NEW YORK – A federal judge has scheduled the sentencing of former NXIVM president Nancy Salzman for Aug. 2 while rejecting her bail modification request to be with her daughter for the birth of her first grandchild.
Salzman, who co-founded the cultlike personal growth company in Colonie with Keith Raniere in 1998, will be sentenced for her March 2019 guilty plea to one count of racketeering conspiracy in U.S. District Court in Brooklyn.
Her attorney, Robert A. Soloway, asked the judge for a later sentencing date, noting his plans to be on vacation and time needed to prepare.
Salzman, 66, of Halfmoon, known within NXIVM as “Prefect,” was the second-most powerful figure in the shadowy organization behind Raniere, the reputed cult leader and longtime Halfmoon resident known as “Vanguard.”
NXIVM and its Executive Success Programs (ESP) had locations in Los Angeles, the Pacific Northwest, Mexico, Canada and Florida, spreading the now-notorious teachings of Raniere, who portrayed himself as a deeply ethical and intellectually powerful being whose presence and energy could impact computers and affect the weather.
Salzman lived for decades in a large upscale home on Oregon Trail, a short drive to the Knox Woods townhouse complex where more than two dozen top members of NXIVM resided, including Raniere.
In her guilty plea to racketeering conspiracy, Salzman admitted to underlying acts that included conspiring to commit identity theft to get the names and passwords of email accounts of perceived “enemies” of NXIVM. The names of the company's so-called enemies were kept in boxes in Salzman’s basement that were seized by federal investigators, along with more than $515,000. The basement was decorated with several photos of Raniere.
Salzman also admitted to conspiring to alter records for use in an official proceeding, which was a lawsuit against cult expert Rick Ross.
"I am pleading guilty because I am, in fact, guilty," Salzman told Senior U.S. Judge Nicholas Garaufis on March 13, 2019.
"It has taken me some time and some soul searching to come to this place," she told the judge. "When I began working with NXIVM, I believed that we would be helping people.

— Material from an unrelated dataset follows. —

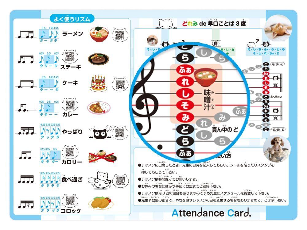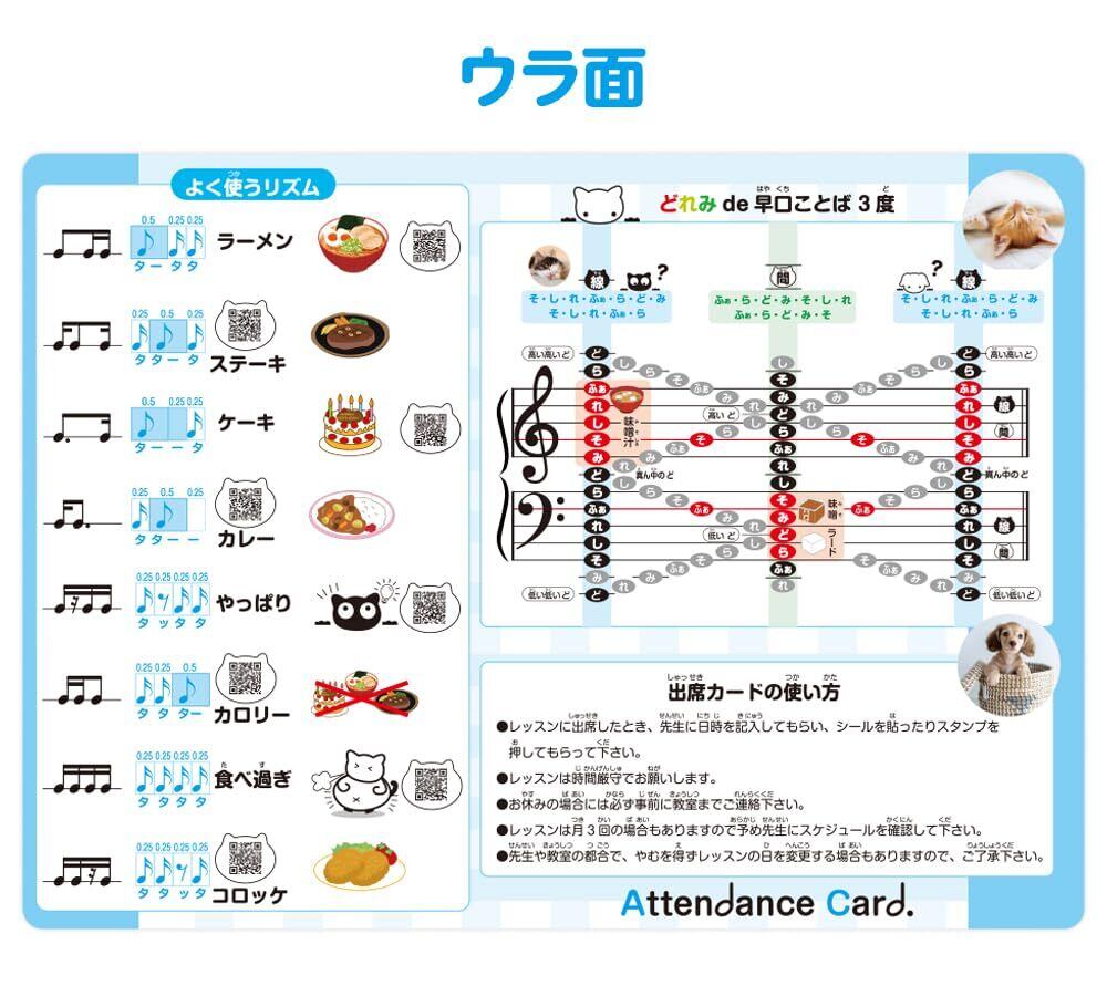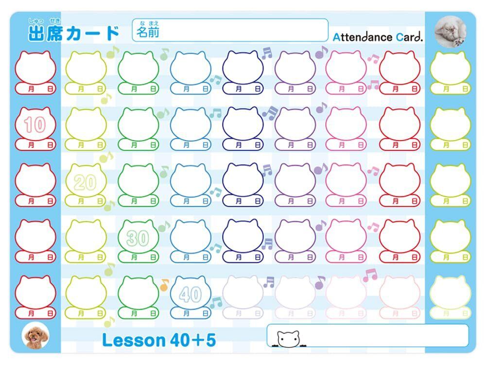 生徒さんにレッスンに参加する達成感や楽しさを感じてもらえる出席カードです!

I still believe that some of what we did was good. The problem began when I compromised my principles and did things which I knew or should have known were wrong. I justified them to myself by saying that what we were doing was for the greater good. Now, having had time to step back from the community I was immersed in for nearly 20 years, I accept that some of things I did were not just wrong but criminal."
Salzman was charged in 2018 in a case that also included Raniere; NXIVM operations director Clare Bronfman, the Seagram's fortune heiress; television actress Allison Mack; NXIVM bookkeeper Kathy Russell; and Salzman's daughter, Lauren Salzman, a high-ranking member of the organization.

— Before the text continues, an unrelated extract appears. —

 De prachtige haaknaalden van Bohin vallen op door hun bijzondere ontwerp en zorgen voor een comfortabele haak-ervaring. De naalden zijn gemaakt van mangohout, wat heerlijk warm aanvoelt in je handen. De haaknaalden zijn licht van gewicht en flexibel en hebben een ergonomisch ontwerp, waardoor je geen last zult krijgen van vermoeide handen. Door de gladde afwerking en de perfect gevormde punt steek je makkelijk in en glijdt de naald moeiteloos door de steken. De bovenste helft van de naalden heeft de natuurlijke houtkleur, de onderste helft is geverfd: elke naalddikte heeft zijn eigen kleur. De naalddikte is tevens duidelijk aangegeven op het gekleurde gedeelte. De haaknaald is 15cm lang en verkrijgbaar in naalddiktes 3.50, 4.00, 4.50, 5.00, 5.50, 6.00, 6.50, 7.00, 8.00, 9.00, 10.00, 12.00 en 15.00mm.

All the defendants pleaded guilty except Raniere, 60, who went to trial and was convicted in June 2019 of all charges, including sex trafficking, forced labor conspiracy and racketeering counts with underlying acts of possessing child pornography, extortion and identity theft.

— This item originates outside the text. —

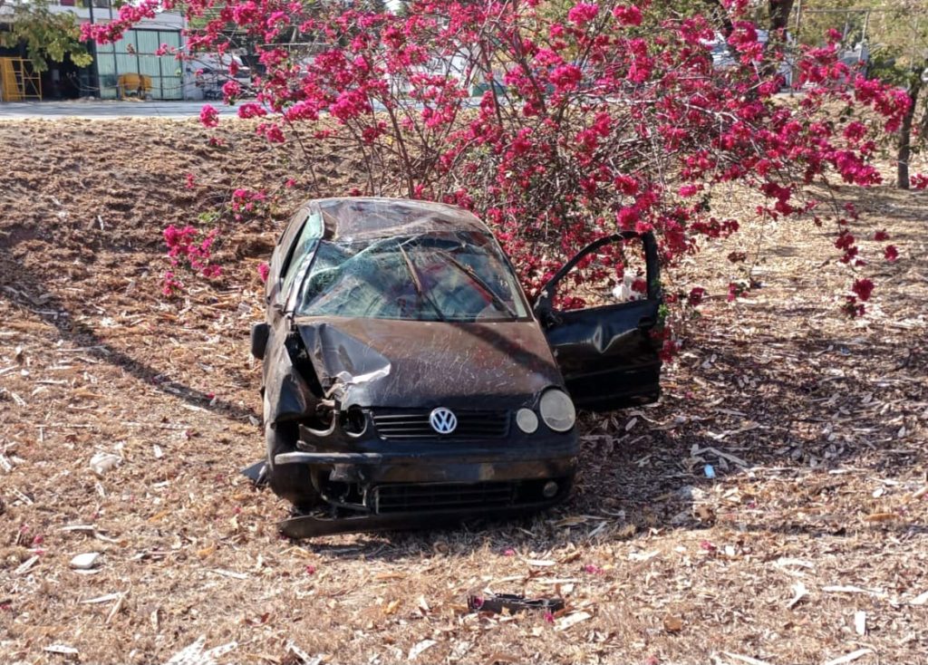 Mérida, Yuc., a 20 de abril 2024.- Una aparatosa volcadura tuvo lugar en el kilómetro 19 del periférico oriente de esta ciudad, cuando un joven conductor en estado alcoholizado perdió el control de su vehículo Bora y terminó accidentado en una hondonada.

The judge sentenced Raniere last October to 120 years in prison, which Raniere is serving in Tucson. Ariz. Bronfman, who pleaded guilty to conspiracy to conceal and harbor illegal aliens for financial gain, and fraudulent use of identification, was previously sentenced to nearly seven years in prison. On June 30, the judge sentenced Mack, an ex-member of Raniere's "master/slave" group Dominus Obsequious Sororium (DOS) and who cooperated with prosecutors, to three years in prison for racketeering and racketeering conspiracy.
Lauren Salzman, who pleaded guilty to racketeering and racketeering conspiracy, is scheduled to be sentenced July 28. She could receive major leniency as she was the star witness for prosecutors at Raniere's trial.
Nancy Salzman's other daughter, Michelle Salzman, is expected to soon give birth to a child, according to a recent letter to the judge from Nancy Salzman's attorney.
Soloway asked Garaufis if Salzman, who is on home confinement, could accompany her daughter to a local hospital for the baby's birth and delivery, "including staying overnight with her daughter as desired during the infancy of the child so as to help her daughter and son-in-law, and to bond with her first grandchild."
Garaufis rejected the request, court papers show.